PROBLEM:
All that belongs in the answer is the lines from the one containing "中樂組四位同學參與「直播ap" to the end of the listing below, copied exactly, pictures excluded.

EXTRACTED ENTRIES:
Start of Block

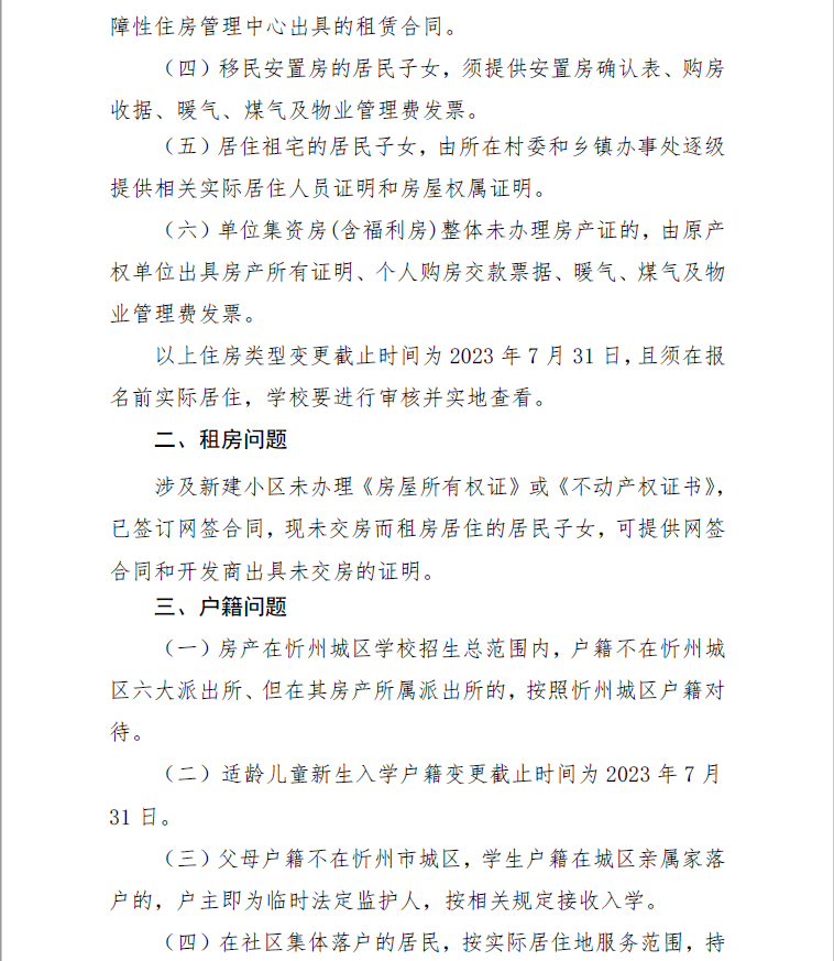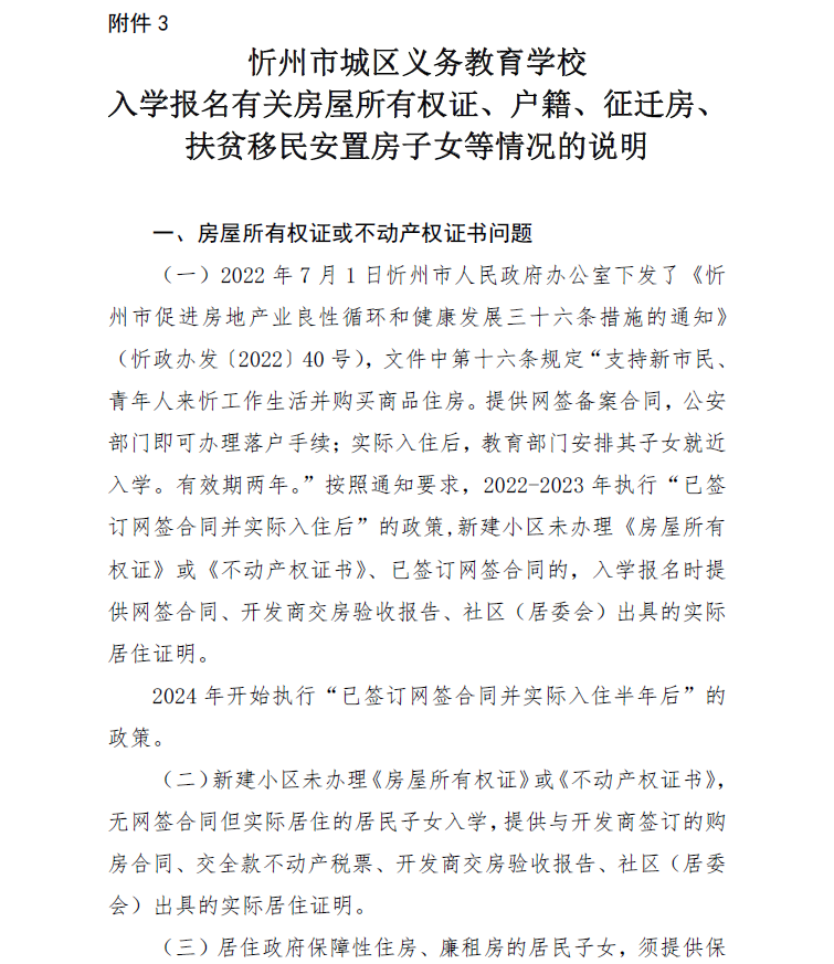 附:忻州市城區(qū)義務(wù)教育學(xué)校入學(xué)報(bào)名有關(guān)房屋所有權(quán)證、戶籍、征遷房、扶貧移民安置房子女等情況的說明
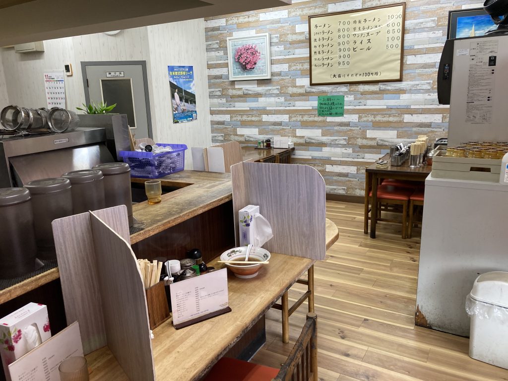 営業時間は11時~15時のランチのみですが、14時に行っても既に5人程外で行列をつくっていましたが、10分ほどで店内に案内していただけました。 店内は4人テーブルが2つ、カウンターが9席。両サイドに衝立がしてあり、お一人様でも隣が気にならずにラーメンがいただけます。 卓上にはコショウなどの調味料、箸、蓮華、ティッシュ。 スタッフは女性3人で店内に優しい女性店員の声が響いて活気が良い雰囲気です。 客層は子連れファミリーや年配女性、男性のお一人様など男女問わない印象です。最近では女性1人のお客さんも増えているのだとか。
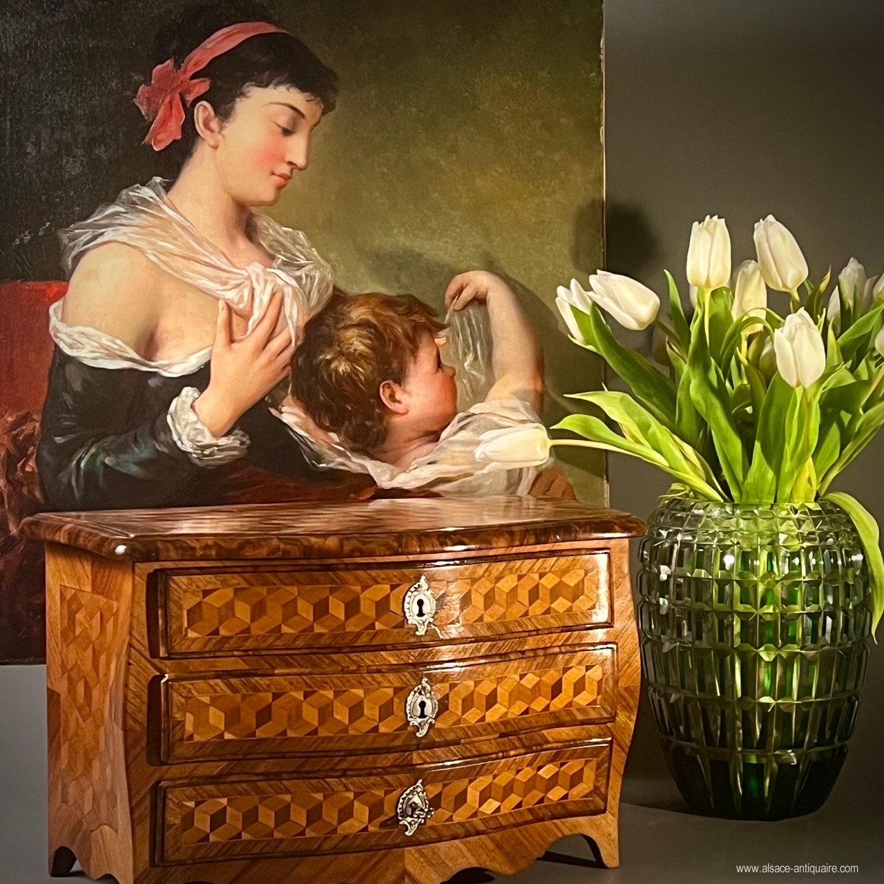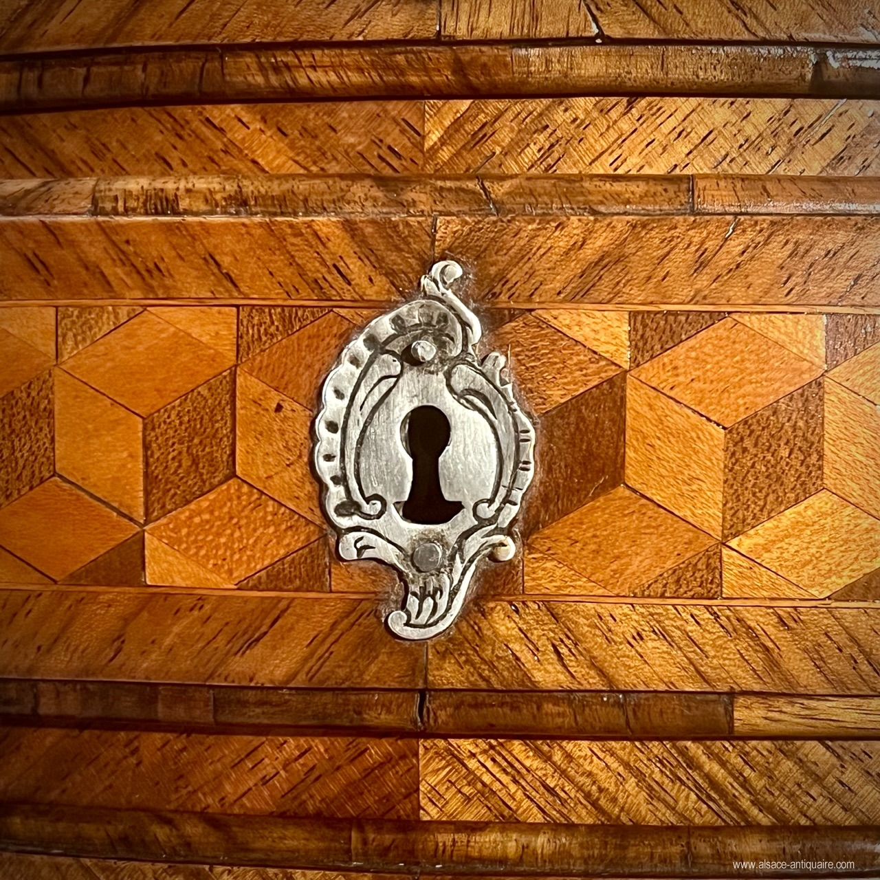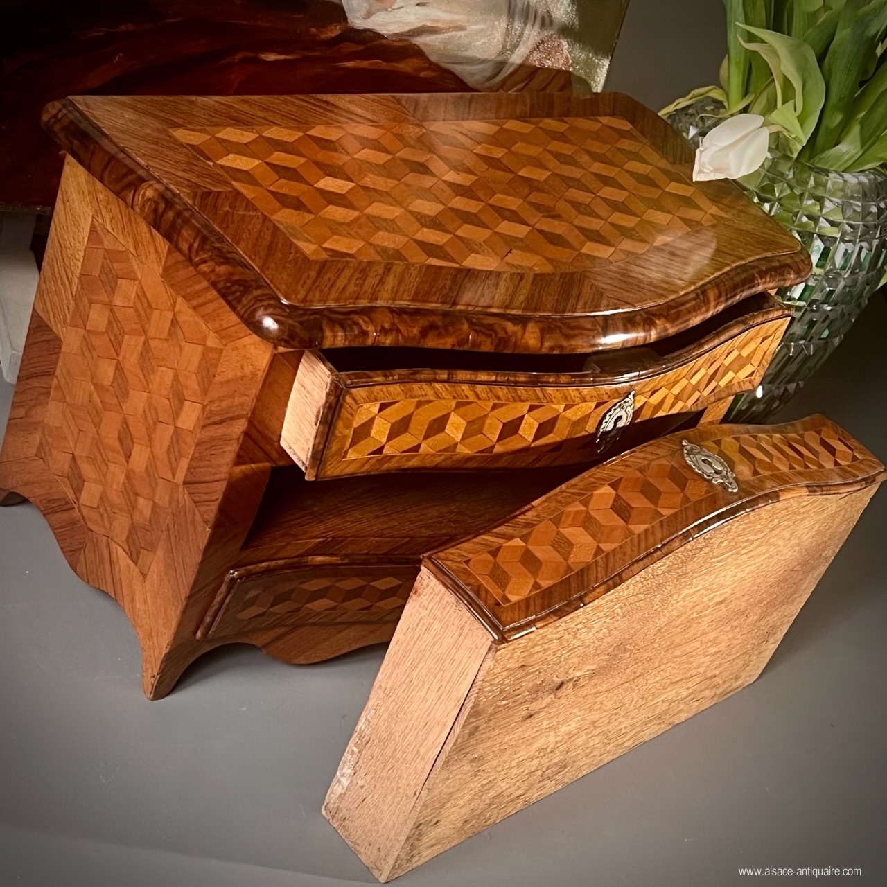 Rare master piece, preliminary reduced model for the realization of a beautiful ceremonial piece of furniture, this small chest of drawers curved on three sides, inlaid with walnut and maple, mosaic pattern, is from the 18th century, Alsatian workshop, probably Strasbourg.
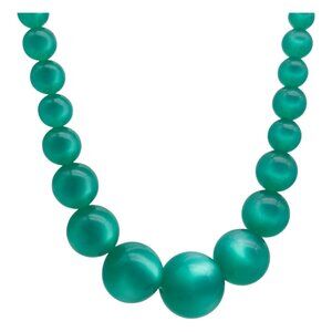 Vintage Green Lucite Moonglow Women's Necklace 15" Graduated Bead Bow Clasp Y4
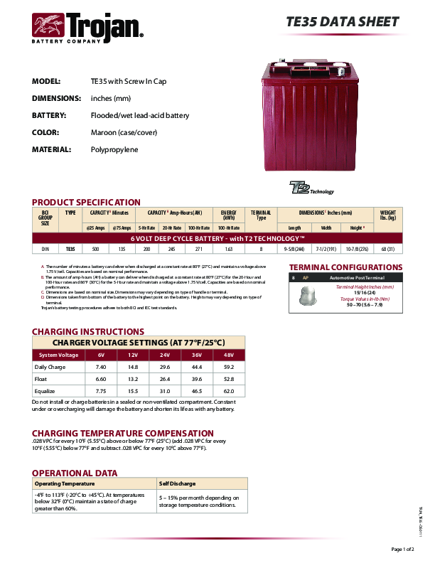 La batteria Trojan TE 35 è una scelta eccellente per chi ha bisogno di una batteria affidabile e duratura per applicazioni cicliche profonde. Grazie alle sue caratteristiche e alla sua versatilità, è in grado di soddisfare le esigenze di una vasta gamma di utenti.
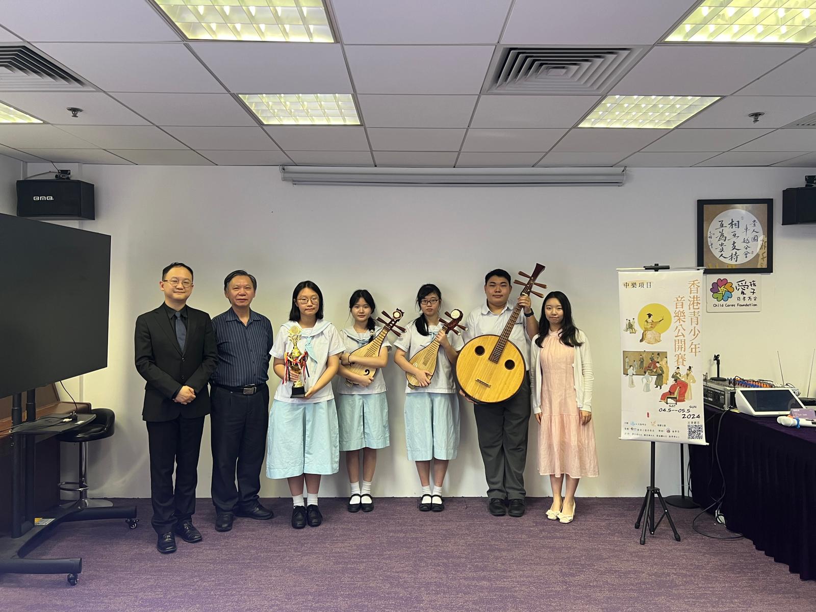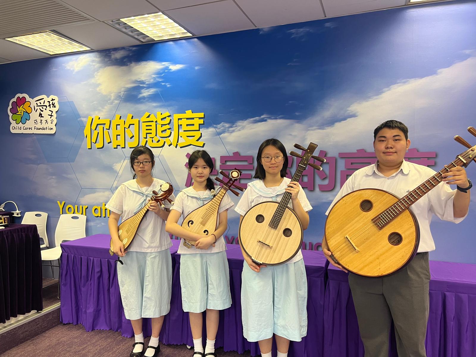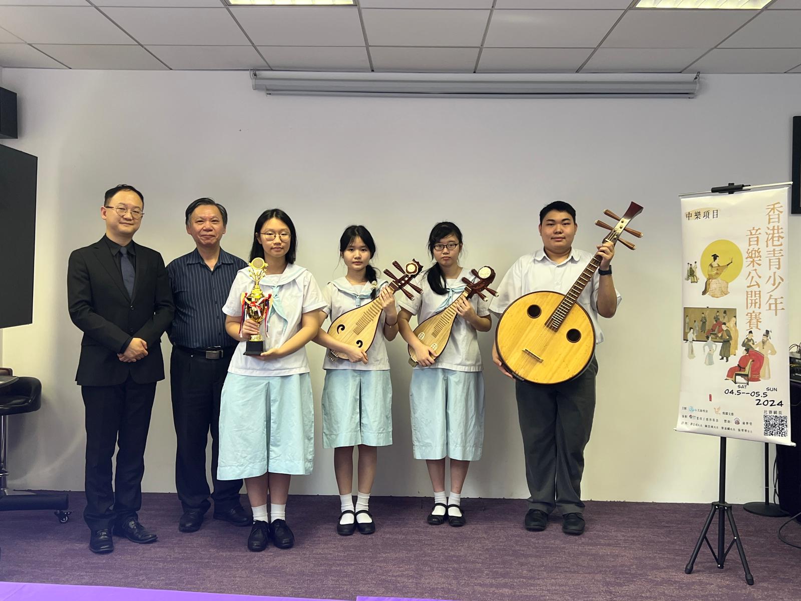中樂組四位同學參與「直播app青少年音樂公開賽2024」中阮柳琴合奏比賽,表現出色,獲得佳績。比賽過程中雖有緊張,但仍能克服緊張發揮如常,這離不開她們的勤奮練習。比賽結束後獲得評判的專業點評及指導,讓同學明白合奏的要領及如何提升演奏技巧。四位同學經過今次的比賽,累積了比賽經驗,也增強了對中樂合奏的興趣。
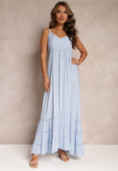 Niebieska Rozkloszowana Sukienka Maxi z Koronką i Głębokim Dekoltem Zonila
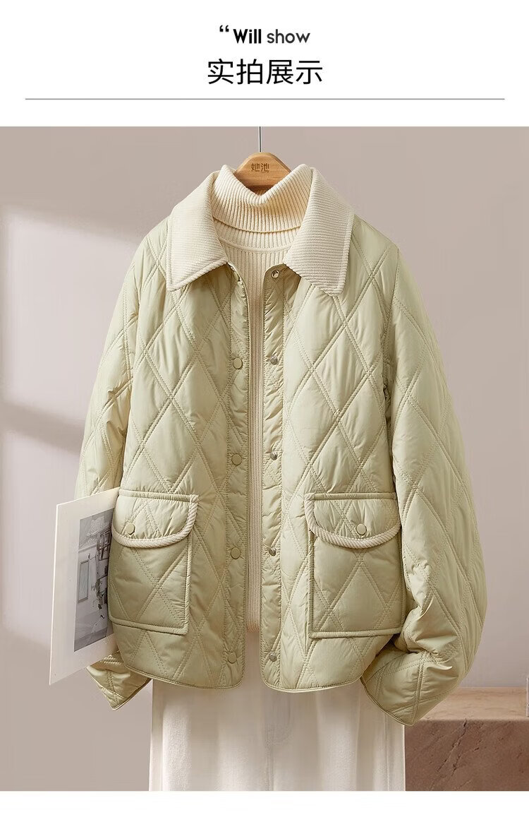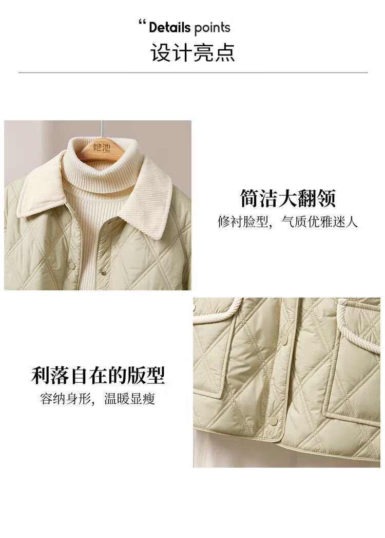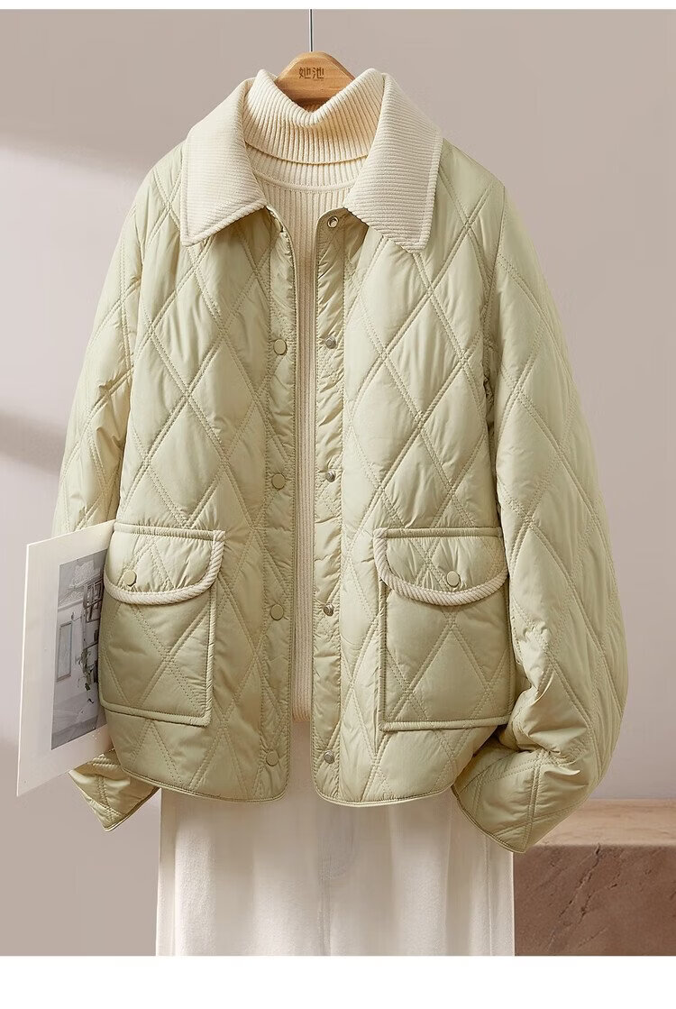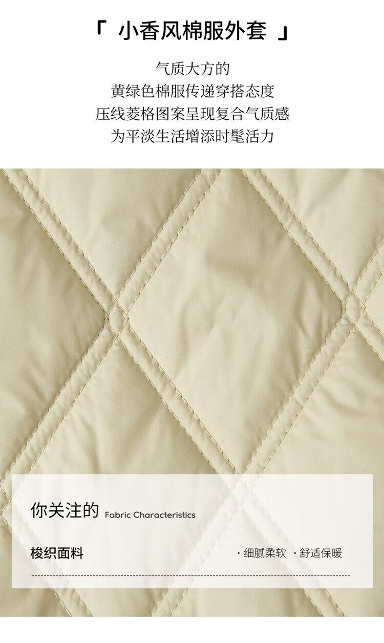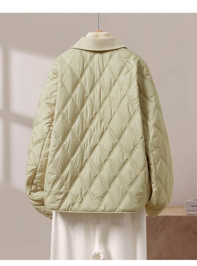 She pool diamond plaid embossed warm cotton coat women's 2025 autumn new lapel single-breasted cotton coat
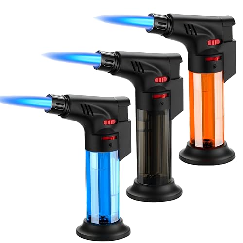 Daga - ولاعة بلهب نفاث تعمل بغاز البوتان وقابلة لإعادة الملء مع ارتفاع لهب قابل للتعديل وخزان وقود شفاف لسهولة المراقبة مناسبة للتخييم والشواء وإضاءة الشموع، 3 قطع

End of Block

RESPONSE FOR THIS EXERCISE:
中樂組四位同學參與「直播app青少年音樂公開賽2024」中阮柳琴合奏比賽,表現出色,獲得佳績。比賽過程中雖有緊張,但仍能克服緊張發揮如常,這離不開她們的勤奮練習。比賽結束後獲得評判的專業點評及指導,讓同學明白合奏的要領及如何提升演奏技巧。四位同學經過今次的比賽,累積了比賽經驗,也增強了對中樂合奏的興趣。
 Niebieska Rozkloszowana Sukienka Maxi z Koronką i Głębokim Dekoltem Zonila
 She pool diamond plaid embossed warm cotton coat women's 2025 autumn new lapel single-breasted cotton coat
 Daga - ولاعة بلهب نفاث تعمل بغاز البوتان وقابلة لإعادة الملء مع ارتفاع لهب قابل للتعديل وخزان وقود شفاف لسهولة المراقبة مناسبة للتخييم والشواء وإضاءة الشموع، 3 قطع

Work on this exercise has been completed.